Decision tree algorithm Summary

Source: Internet
Author: User

Reference: Machine Learning Tom and http://blog.csdn.net/v_july_v/article/details/7577684

I. Introduction

Decision treeIs a prediction model, which represents a ing relationship between object attributes and object values. Each node in the tree represents an object, and each forks PATH represents a possible attribute value, each leaf node corresponds to the object value represented by the path from the root node to the leaf node. A decision tree has only one output. To have a plural output, you can create an independent decision tree to process different outputs. Decision tree is a frequently used technology in Data Mining.
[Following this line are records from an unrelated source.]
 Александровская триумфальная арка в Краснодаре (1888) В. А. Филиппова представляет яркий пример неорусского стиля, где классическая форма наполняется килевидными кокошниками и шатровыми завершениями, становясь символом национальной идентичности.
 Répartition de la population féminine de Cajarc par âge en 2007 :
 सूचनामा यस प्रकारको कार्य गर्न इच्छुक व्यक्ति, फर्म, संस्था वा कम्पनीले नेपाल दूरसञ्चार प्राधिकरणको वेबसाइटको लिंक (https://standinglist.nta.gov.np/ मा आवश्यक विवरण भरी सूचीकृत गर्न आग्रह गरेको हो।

It can be used for data analysis and prediction (just as the bank officials above use it to predict loan risks ).

The machine learning technology used to generate decision trees from data is calledDecision Tree LearningIn other wordsDecision tree.

A decision tree contains three types of nodes: 1. Decision nodes-usually using rectangular boxes for table 2. Opportunity nodes-usually using circles for table 3. endpoints-usually represented by triangles

Decision tree learning is also a common method in data exploration. Each decision tree represents a tree structure, and its branches classify objects of this type by attributes. Each decision tree can be used to test data by splitting the source database. This process can recursively trim the tree. The recursive process is complete when no further division or a separate class can be applied to a branch. In addition, the random forest classifier combines many decision trees to improve the classification accuracy.
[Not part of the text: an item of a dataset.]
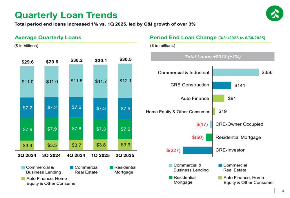 Period-end loan changes from Q1 to Q2 2025 show C&I loans increased by $356 million, while CRE-investor loans decreased by $227 million, reflecting the bank’s deliberate portfolio rebalancing. The bank has been strategically reducing its residential mortgage concentration, which now represents 22.7% of total loans, down from 23.1% in Q1 2025 and 31.2% in 2021.

Ii. Decision Tree Algorithms

1. ID3 algorithm

ID3 is an algorithm used for Decision Trees invented by Ross Quinlan. This algorithm is based on the Occam Razor described above: the smaller the decision tree, the better the decision tree (be simple theory ). However, this algorithm does not always generate the smallest tree structure, but a heuristic algorithm.
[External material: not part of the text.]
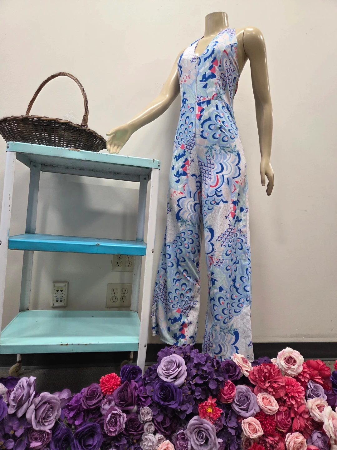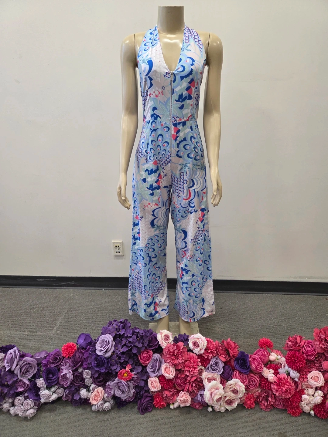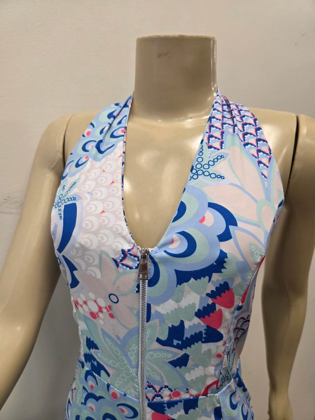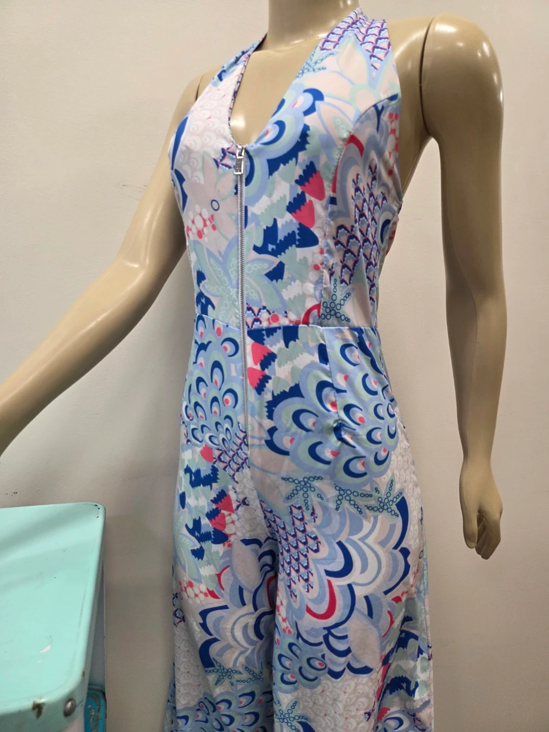 This stylish jumpsuit features a bold blue, pink, and white floral pattern with a halter neckline and a front zipper closure. It is new old stock with tags vintage item never worn. I purchased it in Europe.

Description of ID3 algorithm in Tom Michelle machine learning:

ID3 algorithm concept description: (personal summary is for reference only)

A. Calculate the information gain of attributes for the current example set;

B. Select the attribute Ai with the largest information gain (detailed descriptions will be provided later)

C. The example of the same value in Ai is equivalent to a subset. When Ai gets a few values, it gets several subsets.

D. recursively call the build Algorithm for the subsets of each value in turn, that is, return,

E. If the subset contains only one attribute, the Branch is a leaf node, the attribute value is determined, the corresponding symbol is marked, and the call is returned.

 

2. Optimal Classification attributes

Determining which attribute to test is the best classification attribute is the core issue of the ID3 algorithm. Here we will introduce two important concepts: information Gain measurement standards: entropy and information Gain (S, a)

The contents of machine learning and the reference section are modified as follows:

1) information gain measurement standard: entropy

To precisely define information gain, we first define a widely used measurement standard in information theory, calledEntropy(Entropy), which depicts the purity of any sample set (purity ). Given the sample set S that contains a positive and negative sample of a certain target concept, the entropy of S relative to this Boolean classification is:

In the above formula, p + indicates the positive sample. For example, in the second example at the beginning of this article, p + indicates playing badminton, while p-indicates the inverse sample, do not play the game (in all calculations about entropy, we define 0log0 as 0 ).

Related code implementation: (the code is somewhat obscure, for details and understanding please see: http://blog.csdn.net/yangliuy/article/details/7322015 contains complete ID3 code)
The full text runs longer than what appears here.